Executive Summary

Neurogene reported Q2 2025 net loss of $22.0M as R&D and G&A increased with NGN-401 program acceleration; cash, cash equivalents and short-term investments were $274.5M, extending runway into early 2028 .
FDA provided written agreement on key elements of the Embolden registrational trial; primary endpoint analysis to remain at 12 months for full approval, and proposed sample size refined to 20 participants .
Completed dosing in Phase 1/2 NGN-401 trial and initiated Embolden trial activities; no evidence of HLH/hyperinflammatory syndrome at the 1E15 vg dose level to date .
Consensus EPS and revenue estimates for Q2 2025 were unavailable; focus remains on cash runway, expense trajectory, and clinical/regulatory milestones as stock reaction catalysts ahead of 2H 2025 data . EPS/revenue consensus unavailable*.

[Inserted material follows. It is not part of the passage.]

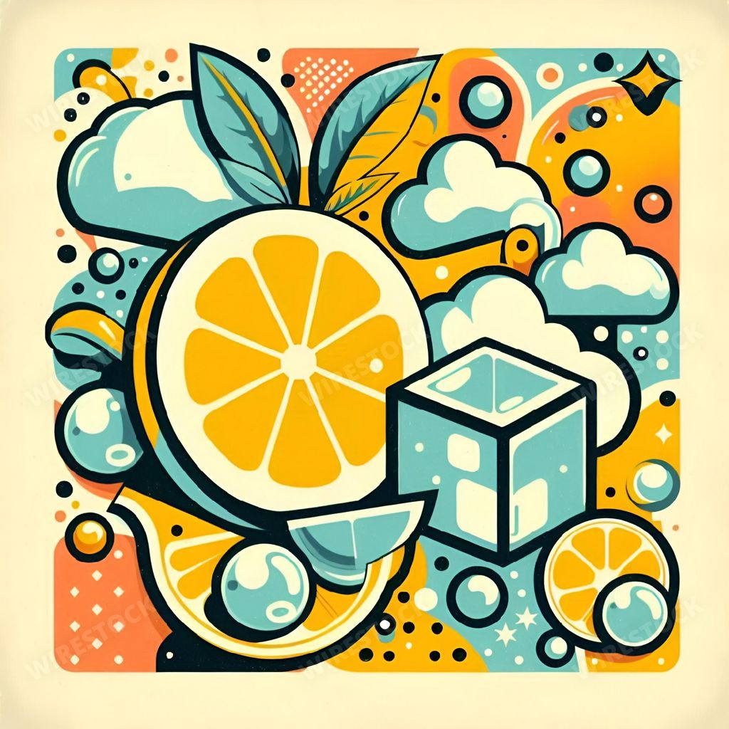 Amy in RL | Colorful pop art illustration of citrus fruits and ice cubes with abstract background
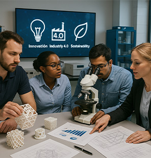 La Maestría en Materiales y Procesos Industriales de la Universidad ECCI se enfoca en la investigación aplicada en materiales para la industria manufacturera, química, extractiva, biomédica y de innovación tecnológica. El programa articula a los estudiantes con proyectos reales en alianza con la industria y el sector académico, brindando acceso a laboratorios especializados. Se promueve la participación en eventos académicos y la producción científica, fortaleciendo el liderazgo en investigación, desarrollo e innovación en los campos de los materiales y procesos industriales.

What Went Well and What Went Wrong

What Went Well

Embolden registrational trial design aligned with FDA; management emphasized rigorous design “to differentiate NGN-401 by evaluating participants as young as three years of age with a primary endpoint that incorporates measures that KOLs, caregivers and payors believe to be clinically meaningful” .
Operational execution: completed dosing of last five participants in Phase 1/2; Embolden initiation activities underway; HLH monitoring/treatment algorithm shared with the community and “no evidence of HLH/hyperinflammatory syndrome…at the 1E15 vg dose level” as of the press release date .
Strengthened liquidity: cash of $274.5M and runway into early 2028 following capital reallocation, supporting registrational activities and manufacturing scale-up .

What Went Wrong

Higher operating expenses: R&D rose to $19.4M (+23.6% YoY) driven by clinical trial costs and headcount; G&A increased to $6.7M (+26.4% YoY), reflecting stock-based comp and corporate expenses .
Net loss widened to $22.0M (vs. $18.5M in Q2 2024), reflecting increased spend ahead of registrational activities .
Regulatory timing nuance: FDA feedback discouraged a 6-month endpoint as potentially “not…clinically meaningful,” implying longer timeline to full approval anchored at 12 months, which may temper near-term expectations .

Financial Results

Core P&L and Liquidity (oldest → newest)

Metric ($USD Millions)	Q4 2024	Q1 2025	Q2 2025
Cash, Cash Equivalents & Marketable/Short-Term Investments	$312.4	$292.6	$274.5
R&D Expenses	$15.3	$17.8	$19.4
G&A Expenses	$6.2	$8.2	$6.7
Net Loss	$19.5	$22.6	$22.0

Q2 2025 YoY Comparisons

Metric ($USD Millions)	Q2 2024	Q2 2025	YoY Change
R&D Expenses	$15.7	$19.4	+$3.7 (+23.6%)
G&A Expenses	$5.3	$6.7	+$1.4 (+26.4%)
Net Loss	$18.5	$22.0	+$3.5 (+18.9%)

Revenue, EPS, Margins and Estimates (disclosure context)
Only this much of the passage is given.